2.2 Experimental Process and Result Analysis

Cut the rock sample into a 2 × 2 × 3 cm cuboid. Use the wire-cutting method to split the two blocks of 2 × 2 × 1.5 cm along the center of the rock long axis, and then use the new rock friction tester system to test the friction coefficient changes of each sample in different environments.

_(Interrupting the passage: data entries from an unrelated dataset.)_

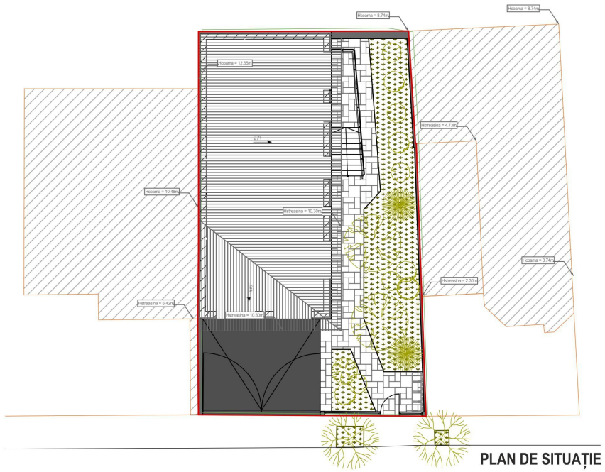
PLAN DE SITUAȚIE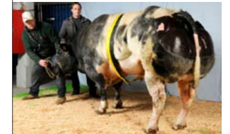
Nestlé de St. Fontaine (v. Etna), kampioen oudere stieren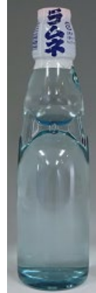
「びんラムネブレーン」 (宮城) 200ml

山のはちみつ屋さん（秋田県仙北市）の上質な国産トチはちみつを使用し、柔らかな甘みとすっきりの上品なサイダーに仕上がっております。

2.2.1 Effect of Different Graphite Additives on Friction Coefficient of Shale When the Ratio of Drag Reducer in Clear-Water Based Liquid Is 0.5%

When the proportion of drag reducer is 0.5% and graphite material is 60–80 mesh graphite ball, 80–100 mesh graphite ball, and 100 mesh graphite sheet, the micro-friction experimental results of the shale rock sample are shown in Fig. 4. To reduce the error, two groups of experiments were conducted on different graphite materials. The effect of 100 mesh graphite on reducing the friction coefficient in the shale fracture surface is not ideal, and the average friction coefficient of the shale sample is 0.5235. The effect of the two kinds of graphite balls on reducing the friction coefficient of the shale fracture surface is similar, and the average friction coefficient of 60~80 mesh graphite balls is 0.4093. The average friction coefficient is 0.4482 when the graphite sphere is 80~100 mesh.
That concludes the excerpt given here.